Comœdia - Gobbio is a being endowed – or hampered – by a miraculous power which keeps him for finding love. In the Quotidien des Livres, Alain Bosquet presents this 'angel’s story' as a 'claim for gender mixing'! And he goes on: 'Comœdia is written in a cheerful style with a insatiable appetite. For the character of Gobbio, whatever contradictory and evasive he may be, never dispenses with a true interiority.'
Le Roi de Sicile - Pier Angelerio, an hermit became pope under the name of Celestine V, made himself famous by voluntarily renouncing his office after six months of reign. As a cubist fresco on the theme of power, this story looks back at millennialism and a ‘happy age’ that could come. One might see it as a politic allegory about the 90’: the utopia devoured by cynicism. So is the conclusion of Jean-Philippe Catinchi in the Monde des Livres: ‘The lesson of Filippini’s saint hermit remains wise : giving up is the only act of courage.'
Un Amour de Paul - In Rome, a screenwriter is taking over a project that the late Pier Paolo Pasolini had in his mind: write the script for a film about the life of Saint Paul. At the abbey of Tre Fontane, at the very place where the apostle went through his ordeal, he meets an actress, Eden Pym, who follows a spiritual path.
Deux Testaments - A young boy who throws his copy of the Torah into the fire at the moment when Hitler triggers the extermination of the Jews of Europe. His story in the war and post-war. The book was chronicled for the Figaro Littéraire by Astrid de Larminat who writes: “Not enough to throw at 12 his Bible into the fire to get rid of the Most High; as Saint Augustine says, God flees those who seek Him and seeks those who flee Him.”
Le Combat des Trente - In 2100, geopolitical and environmental cataclysms have turned Paris into a forest occupied with ruined monuments and wild beasts. Commandés and Assassins challenge each other in the heart of a former thirteenth arrondissement. This chronicle of an Europe back to middle age revisits an episode of the Hundred Years War, the tournament between the fortresses of Josselin and Ploërmel.

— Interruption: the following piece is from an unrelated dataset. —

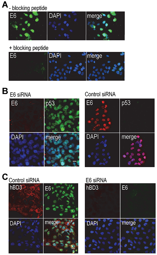 We tested specificity of commercially available HPV-16 E6 antibodies by performing immunofluorescence microscopy on HPV-positive CaSki cervical cancer cells, which contain multiple copies of integrated HPV-16 genome. The goat polyclonal antibody against HPV-16 E6 (N-17) (Santa Cruz Biotech Inc.) showed nuclear E6 staining in CaSki cells (Figure 1A), but not in that of HPV-negative TR146 oral cancer cells (Supplementary Figure S1). Addition of the blocking peptide to the N-17 antibody eliminated E6 staining (Figure 1A). The goat IgG isotype control antibody did not show this fluorescence signal in CaSki cells (Supplementary Figure S1). In addition, a mouse monoclonal antibody to HPV-16/18 E6 (C1P5, Santa Cruz Biotech Inc.) only showed cytoplasmic staining (Supplementary Figure S1). It has been shown that reduction of HPV gene expression by HPV-16 E6 siRNA is associated with increase in the level of nuclear p53 in CaSki cells [15]. To further validate the goat anti-HPV-16 E6 antibody, CaSki cells were transfected with an HPV-16 E6 siRNA or a control siRNA, followed by immunofluorescence microscopy for HPV-16 E6 and p53. The polyclonal HPV-16 E6 antibody did not detect the E6 protein in CaSki cells transfected with the E6 siRNA, while the monoclonal antibody to p53 identified nuclear p53 protein in the cells (Figure 1B). In addition, control siRNA had no effect on nuclear staining of E6 with undetectable p53 in CaSki cells (Figure 1B). To determine hBD3 expression in HPV-positive cancer cells, we performed immunofluorescent double-staining on CaSki cells using a polyclonal antibody to hBD3 and the antibody against E6. CaSki cells expressed hBD3 in the cytoplasm with co-expression of nuclear E6 in cells transfected with the control siRNA (Figure 1C, left panel). However, transfection of CaSki cells with the E6 siRNA blocked hBD3 as well as nuclear E6 expression (Figure 1C, right panel). These results suggest association of hBD3 expression with E6 in HPV-positive cancer cells.

Viola d'Amor - Written in the style of a 18th century narrative – the one of freedom! – this 'exercice de style' tells the erotic adventure of Tristano, who plays viola d'amore, and was sent to a village in the Italian Alps with a mission to accompany the last moments of a local tyrant.
Motifs - Collage of texts and images about the question that André Breton used as an incipit in his Nadja: “Who am I?”
Rimbaldo - In 1880, in Aden, a group photo was taken on the terrace of the Hôtel de l'Univers. One of the characters appearing on the picture is none other than the poet Arthur Rimbaud – the poet or ex-poet since he gave up writing to seek his fortune in Abyssinia.
J'aimerai André Breton - In September 1966, the surrealist writer André Breton ends his summer vacation in Saint-Cirq-Lapopie, when he receives a visit from a young woman named Chance. As a person who flees the male domination, she will make of her meeting with the ‘pope’ of surrealism the first step on the path to a mystic conversion. For Mohammed Aissaoui (Le Figaro Littéraire), ‘one understand, or would like to understand, that sacred, mystic and solitude are roads to freedom’.